Harlem Children's Zone, Is It Working?

Geoffrey Canada's charter-based educational organization, Harlem Children's Zone, has won awards from just about everyone, including fawning portrayals on 60 Minutes, and in the recent documentary, "Waiting for Superman." All of those plaudits have generated large donations to Canda's network of schools and family service agencies. The Obama administration has even singled out the program as a model for a national network of charter programs as part of a long-term educational strategy.

Well, a February article in City Limits raised some questions about how successful the program has been. And now, the New York Times offers its take on whether HCZ is living up to its hype.

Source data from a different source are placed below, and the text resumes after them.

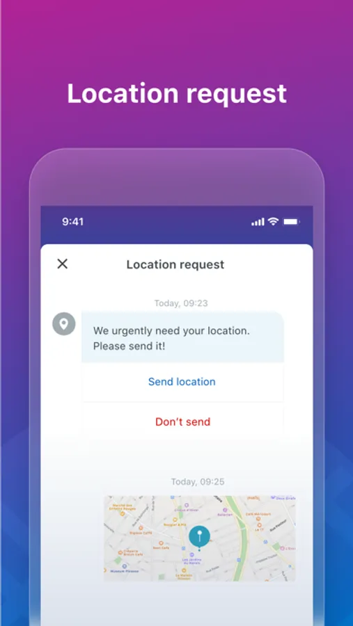 A travel manager can also request the GPS location from a traveler. If the traveler agrees, his location will be sent back to the travel manager.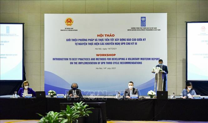 Ngày 14/7, tại Hà Nội, Bộ Ngoại giao phối hợp với Chương trình Phát triển Liên Hợp Quốc (UNDP) tổ chức Hội thảo quốc tế về xây dựng Báo cáo giữa kỳ tự nguyện thực hiện các khuyến nghị Việt Nam chấp thuận theo Cơ chế rà soát định kỳ phổ quát về quyền con người (UPR) chu kỳ III của Hội đồng Nhân quyền Liên Hợp Quốc (LHQ).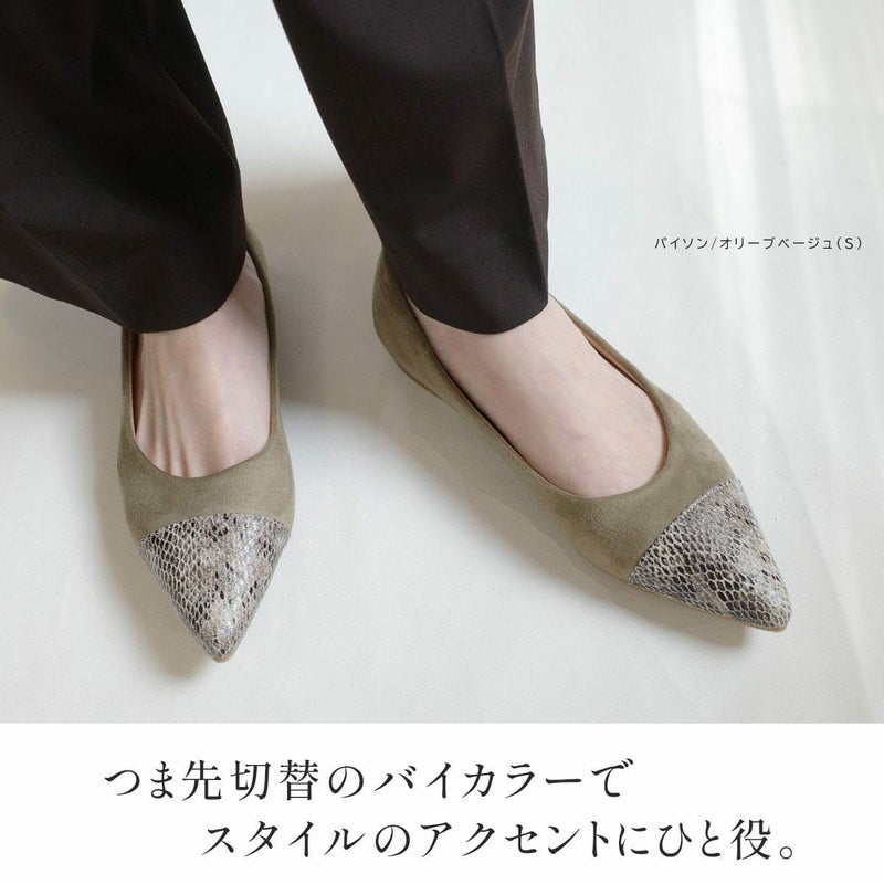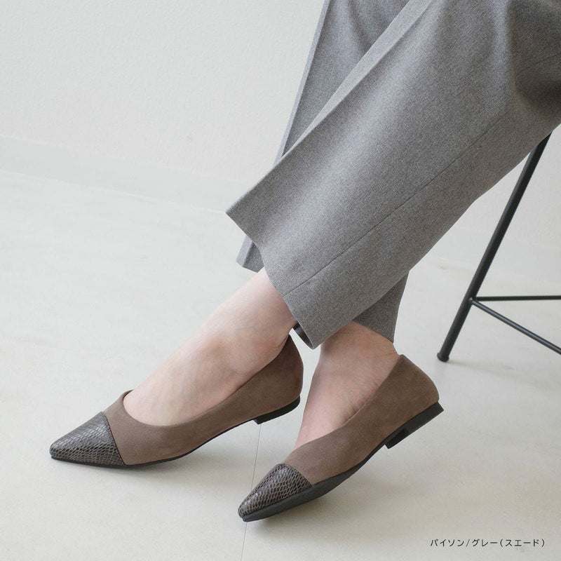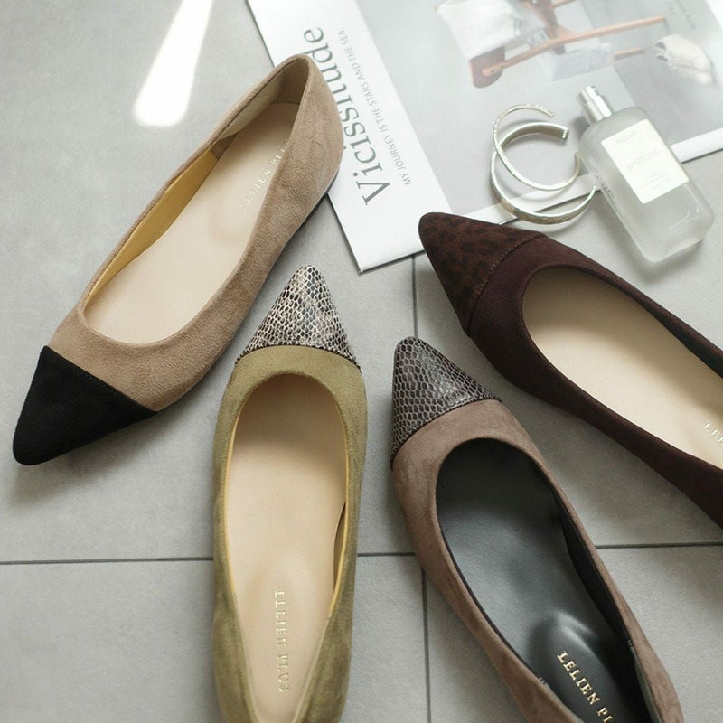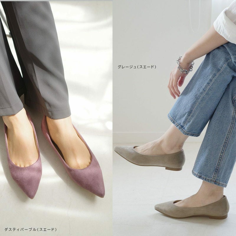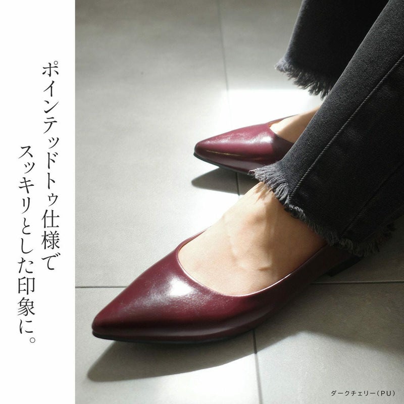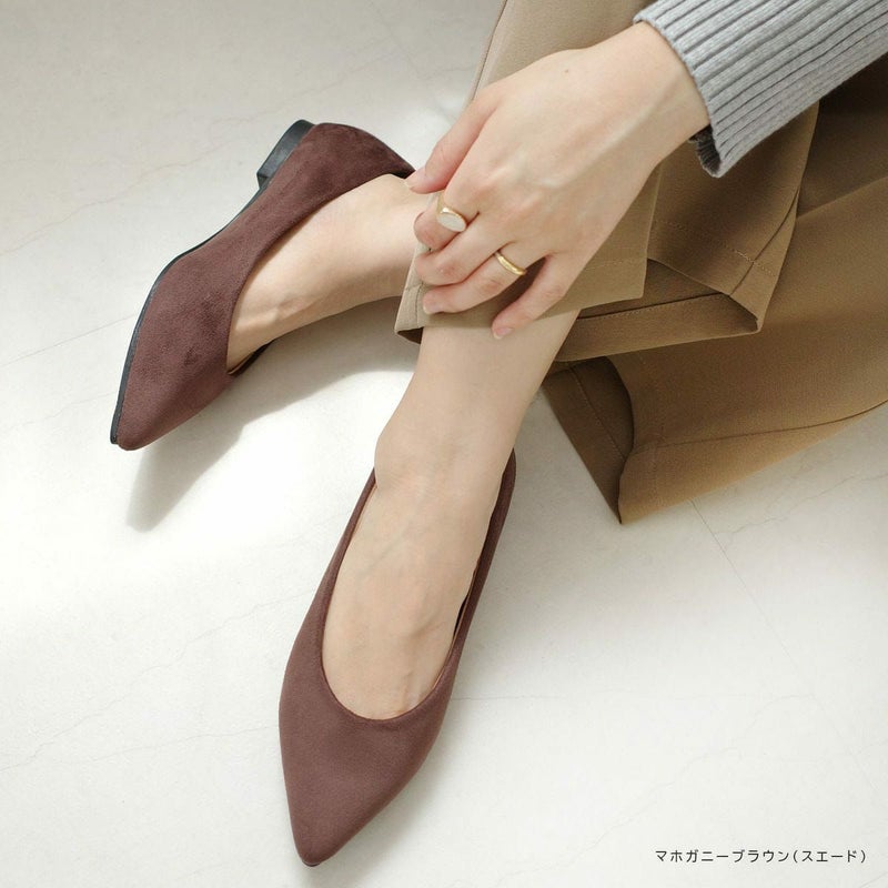 シャープで女らしく美脚に見せるポインテッドトゥ。ローヒールでありながらポインテッドで大人っぽくきれいめなフォルムで美脚に見せてくれる効果も。

"The jury is still out on its overall impact," the Times notes. "And its cost -- around $16,000 per student in the classroom each year, as well as thousands of dollars in out-of-class spending -- has raised questions about its utility as a nationwide model."

Moreover, the schools' test scores dropped, according to the Times article. Just 15 percent of 7th graders, in their third year in the program, passed the 2010 state English test

Just 38 percent of Promise Academy I students, one of the elementary schools operated by HCZ, passed the 2010 english. The Times says that places it in the "lower half of charter schools citywide," and even below the city's total passing number of 42 percent.

A Brookings' Institution researcher concluded that not even analysis that its approach actually worked; certainly not enough to justify a large infusion of federal funds, the Times said.

On the other hand, the Times quotes a senior fellow for a Washington think tank who says, "The fact that the impact has not been proven doesn't mean that it doesn't exist, because it is just very, very hard to prove something about an effort as multifaceted and interactive as this is."